(ORDO NEWS) — The world is warming and this threatens the habitability of many regions around the equator.
At this stage, even if we can limit global warming to 2 ˚C above pre-industrial levels, by 2100, the tropics and sub-tropics, including India, the Arabian Peninsula and sub-Saharan Africa, will experience dangerous heat.
At the same time, in the middle latitudes of the world, intense heat waves will be observed at least every year. In the US city of Chicago, for example, researchers predict a 16-fold increase in dangerous heat waves by the end of the century.
What are the chances that we will avoid this fate? About 0.1 percent, in terms of the projected probability that we will limit warming to below 1.5 ˚C above pre-industrial temperatures. In all likelihood, the researchers say, global warming will exceed 2 ˚C by 2050.
In this case, according to the researchers, “extremely dangerous heat stress will become a regular feature of the climate in sub-Saharan Africa, parts of the Arabian Peninsula and much of the Indian subcontinent.”
If the world fails to come together to take quick and wide-ranging adaptation measures, there will most likely be many deaths. But every bit we can lower the temperature still matters, because every fraction of a degree less heat will save lives.

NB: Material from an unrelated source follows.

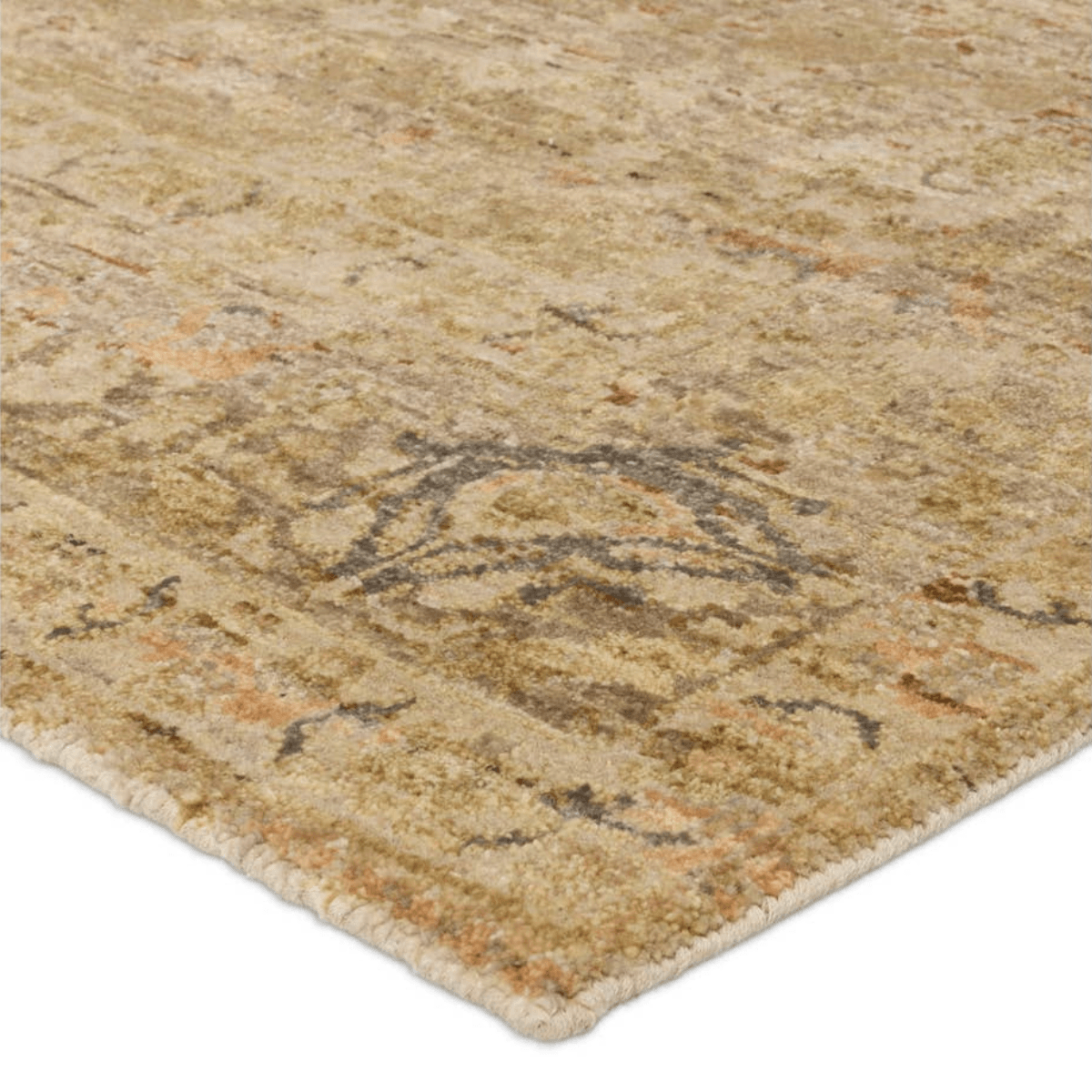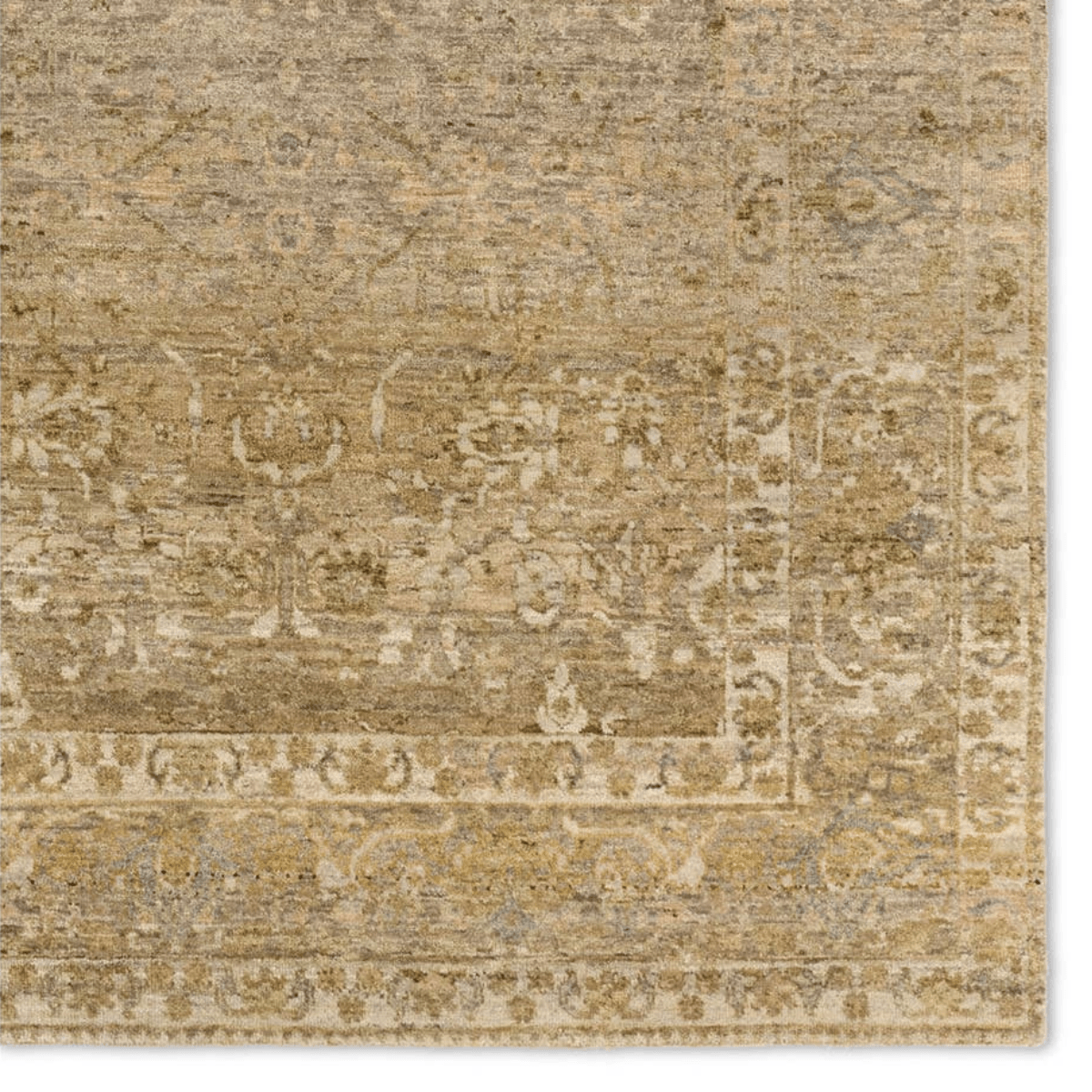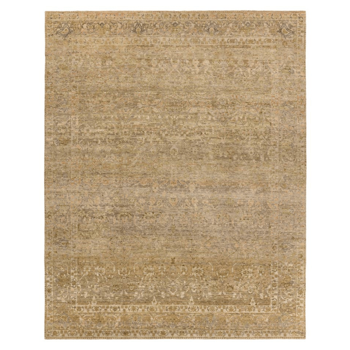 The handknotted Mihret collection gathers inspiration from traditional patterns that offer elegance and a refined, modern colorway. Expertly handcrafted in India with 64 knots per square inch for unparalleled quality, the Elira design features traditional floral and scrolling details and a thick border. The green, tan, gray, and cream colorway, and intentional distressing establishes an updated traditional style. Naturally stain-resistant, the 100% cut wool pile is easy to care for and withstands high traffic areas of the home, children, and pets. Obtaining both a Nest Seal and RugMark certification, this global area rug brings ethical, handmade luxury to the home.
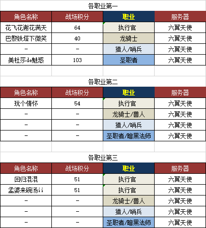 新区“六翼天使”【战争之王】第四周赛排行榜名单公布

According to the latest estimates, global warming is already responsible for one in three heat-related deaths worldwide.
Based on these numbers, other studies predict that people will die in record numbers in the coming decades as climate change shrinks our planet.
However, how people deal with heat stress is complicated by other factors, such as humidity. Modern estimates are based on a metric known as the heat index, which takes into account only relative humidity up to certain temperatures.
This is a traditional metric used by researchers to measure heat stress, however recent studies have shown that the human body may not be able to handle the amount of heat and moisture that this index shows.
Currently, 93 °C (200 °F) is considered the survival limit by the heat index.
But at 100 percent humidity, according to new research, even young and healthy people may not live past 31°C.
However, according to the traditional heat index, the temperature is considered dangerous if it exceeds 40 °C (103 °F), and extremely dangerous if it exceeds 51 °C.
It is these thresholds that were used in this study to predict future livability, and there is a strong possibility that they are an underestimation of what lies ahead.
However, even by these standards, the prospects for humanity look deplorable.
Between 1979 and 1998, the dangerous heat index threshold was exceeded in the tropics and subtropics on 15 percent of the days of the year.
During this time, the temperature rarely became extremely dangerous according to the heat index.
Unfortunately, the same cannot be said about today, and the problem is only getting worse.
By 2050, the dangerous heat index could be exceeded on 50 percent of the days of the year in tropical regions. By 2100, it may be exceeded on most days.
What’s more, about 25 percent of those days will be so hot that they exceed extremely dangerous thresholds.
“It is likely that without significant reductions in emissions in large parts of the global tropics and subtropics by the end of the century, the heat index will exceed the ‘danger’ level for most of the year,” the authors write.
“Without adaptation measures, this will significantly increase the incidence of heat-related illnesses and reduce outdoor performance in many areas where subsistence farming is important.”
The implications for health and society will no doubt be profound.